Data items
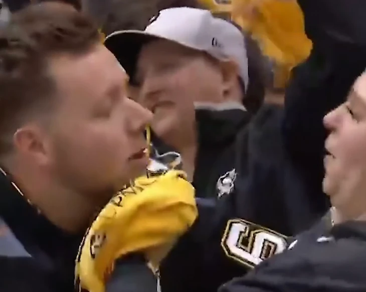 Пару дней назад во время матча «Питтсбурга» с «Рейнджерс» зритель на трибуне попытался поцеловать подругу, а она его ототкнула. Этот момент попал в трансляцию и завирусился в сети.
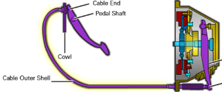 clutch cable connects into a groove or snaps on stud on the clutch pedal
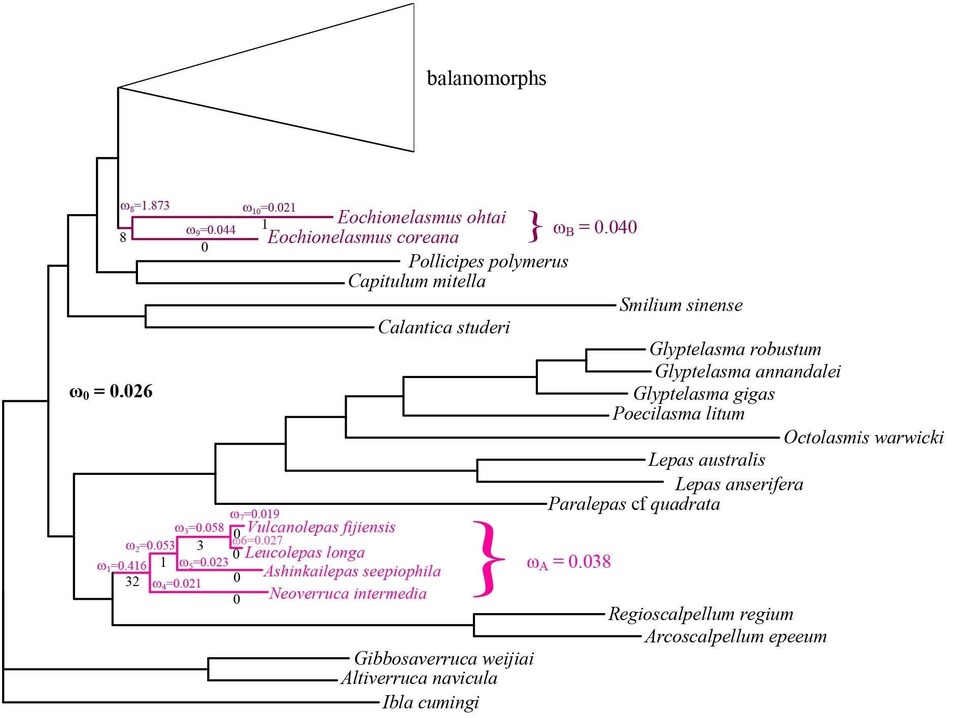 基于PAML分支和分支-位点模型的选择压力分析表明化能生境蔓足类两个支系的线粒体基因组具有相似的选择压力响应模式,但同时也呈现出应对压力的基因组特异性。结合白垩纪生物大灭绝、森诺曼阶\土仑阶海洋缺氧事件造成的深海生态位空缺和围胸类微生境可塑性,研究认为一种整合的物种形成和多样化假说,即生态事件诱发(如生态位空缺、生存要素改变),基因特异性响应,生态位细分是促使深海蔓足类演化的潜在机制。
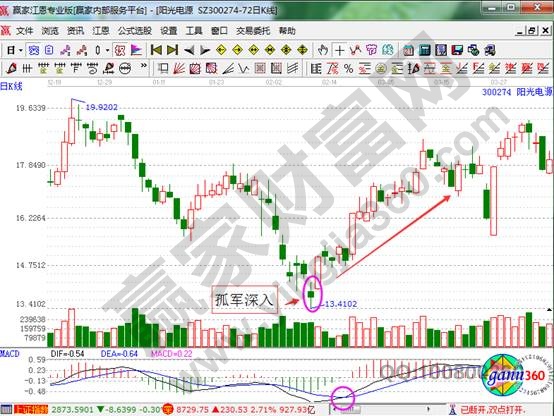 在陽線出現(xiàn)之后,K線終止了下跌趨勢,開始反彈上漲,走出了一波比較強勢的上升行情,不就macd在零軸之下比較遠(yuǎn)的位置拐頭向上,形成了金叉,這就符合了孤軍深入形態(tài)的第三個條件。
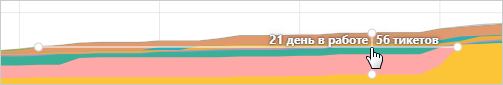 Горизонтальная ось диаграммы – это временная шкала, а вертикальная – количество тикетов в колонках в соответствующий день.
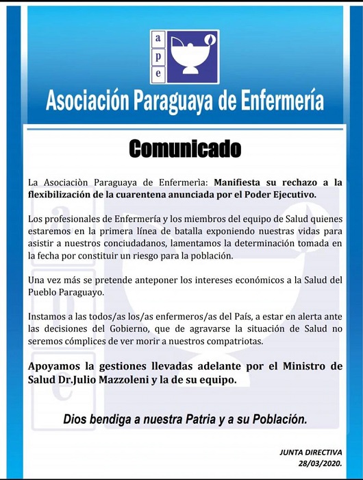 Otros como la Asociación Paraguaya de de Enfermería manifestó su rotundo “rechazo a la flexibilización de la cuarentena”, al tiempo de expresar su total apoyo al ministro Julio Mazzoleni y todo el equipo que lo acompaña, informó ABC Color.
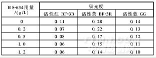 表1 皂洗劑HS-634用量對水煮殘液吸光度的影響
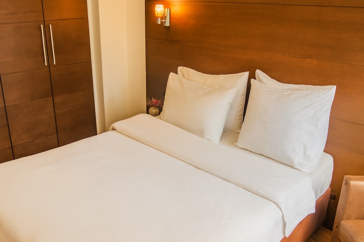 Tento útulný garsonka je ideálním ubytováním pro jednotlivce. Byt je součástí hotelu Sky Suites, který je servisovaným zařízeným apartmánem/hotelem. Studio má světlý obývací pokoj, plně vybavený kuchyňský kout a vlastní koupelnu s toaletními potřebami zdarma. Nachází se na klidné ulici a nabízí snadný přístup k restauracím, kavárnám a nemocnicím, což z něj činí vynikající volbu pro každého, kdo hledá pohodlný a příjemný pobyt, ať už krátký nebo dlouhý.

TASK INSTRUCTIONS:
The reply should hold only the lines running from the top of the records to the line containing "clutch cable connects", both included, copied exactly with no pictures.

EXERCISE OUTPUT:
 Пару дней назад во время матча «Питтсбурга» с «Рейнджерс» зритель на трибуне попытался поцеловать подругу, а она его ототкнула. Этот момент попал в трансляцию и завирусился в сети.
 clutch cable connects into a groove or snaps on stud on the clutch pedal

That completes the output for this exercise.